The green hijack of the Met Office is crippling Britain

Sunday, December 26, 2010
By Paul Martin

The Met Office’s commitment to warmist orthodoxy means it drastically underestimates the chances of a big freeze

By Christopher Booker
TelegraphUK
26 Dec 2010

By far the biggest story of recent days, of course, has been the astonishing chaos inflicted, to a greater or lesser extent, on all of our lives by the fact that we are not only enjoying what is predicted to be the coldest December since records began in 1659, but also the harshest of three freezing winters in a row. We all know the disaster stories – thousands of motorists trapped for hours on paralysed motorways, days of misery at Heathrow, rail passengers marooned in unheated carriages for up to 17 hours. But central to all this – as the cry goes up: “Why wasn’t Britain better prepared?” – has been the bizarre role of the Met Office.

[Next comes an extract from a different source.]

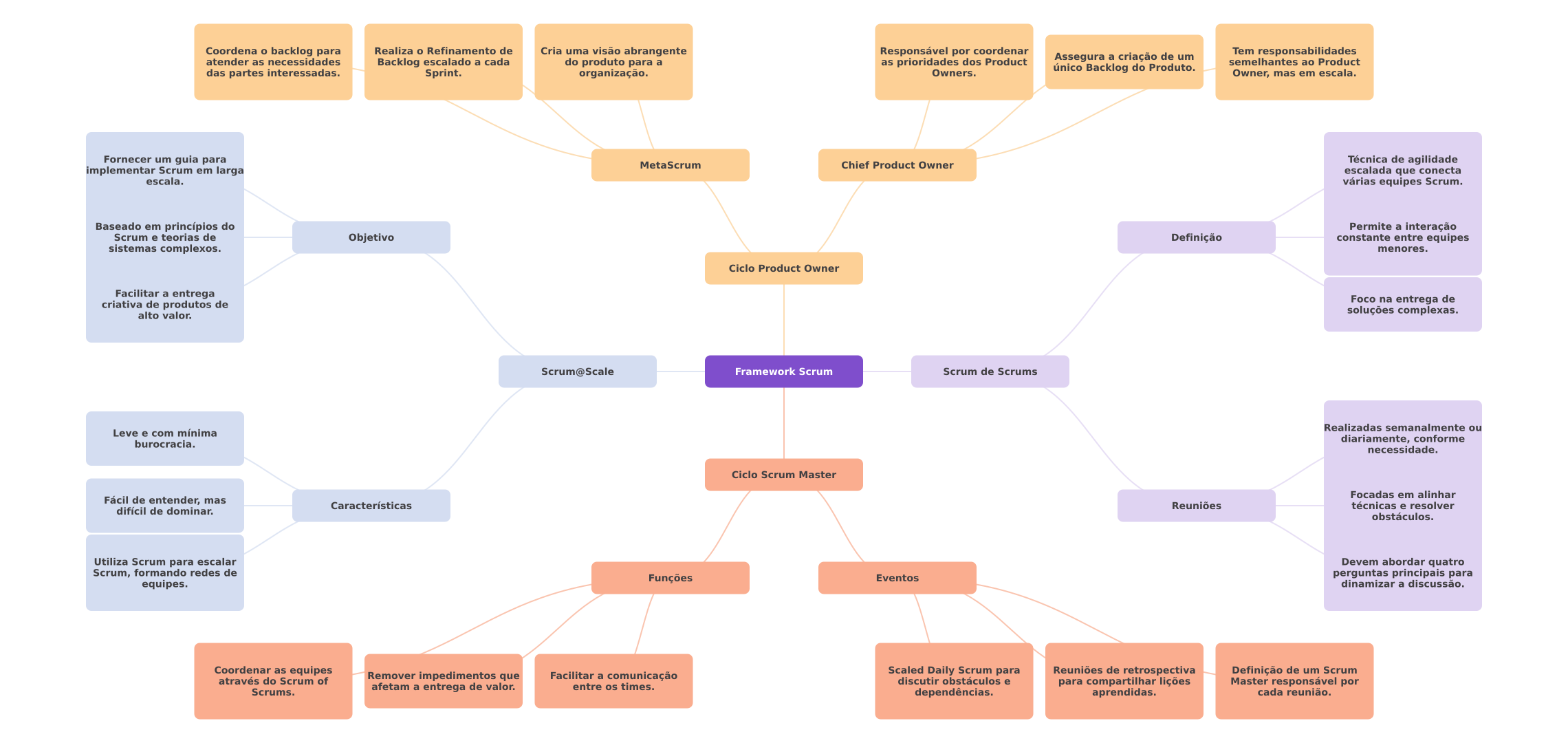 Coordena backlog para Realiza Refinamento de Cria uma visão abrangente Responsável por coordenar atender as necessidades do produto para a Assegura a criação de um Tem responsabilidades Backlog escalado a cada as prioridades dos Product semelhantes ao Product das partes interessadas. Sprint. organização. Owners. único Backlog do Produto. Owner, mas em escala. Fornecer um guia para MetaScrum Chief Product Owner Técnica de agilidade implementar Scrum em larga escalada que conecta escala. várias equipes Scrum. Baseado em princípios do Permite a interação Scrum e teorias de Objetivo Definição constante entre equipes sistemas complexos. menores. Ciclo Product Owner Facilitar a entrega criativa de produtos de Foco na entrega de alto valor. soluções complexas. Scrum@Scale Framework Scrum Scrum de Scrums Realizadas semanalmente ou Leve e com mínima burocracia. diariamente, conforme necessidade. Ciclo Scrum Master Focadas em alinhar Fácil de entender, mas Características Reuniões técnicas e resolver difícil de dominar. obstáculos. Utiliza Scrum para escalar Devem abordar quatro Scrum, formando redes de Funções Eventos perguntas principais para equipes. dinamizar a discussão. Coordenar as equipes através do Scrum of Remover impedimentos que Facilitar a comunicação Scaled Daily Scrum para Reuniões de retrospectiva Definição de um Scrum discutir obstáculos e afetam a entrega de valor. entre os times. para compartilhar lições Master responsável por Scrums. dependências. aprendidas. cada reunião.

We might start with the strange affair of the Quarmby Review. Shortly after Philip Hammond became Transport Secretary last May, he commissioned David Quarmby, a former head of the Strategic Rail Authority, to look into how we might avoid a repeat of last winter’s disruption. In July and again in October, Mr Quarmby produced two reports on “The Resilience of England’s Transport System in Winter”; and at the start of this month, after our first major snowfall, Mr Quarmby and two colleagues were asked to produce an “audit” of their earlier findings.

The essence of their message was that they had consulted the Met Office, which advised them that, despite two harsh winters in succession, these were “random events”, the chances of which, after our long previous run of mild winters, were only 20 to one. Similarly, they were told in the summer, the odds against a third such winter were still only 20 to one. So it might not be wise to spend billions of pounds preparing for another “random event”, when its likelihood was so small. Following this logic, if the odds against a hard winter two years ago were only 20 to one, it might have been thought that the odds against a third such “random event” were not 20 to one but 20 x 20 x 20, or 8,000 to one.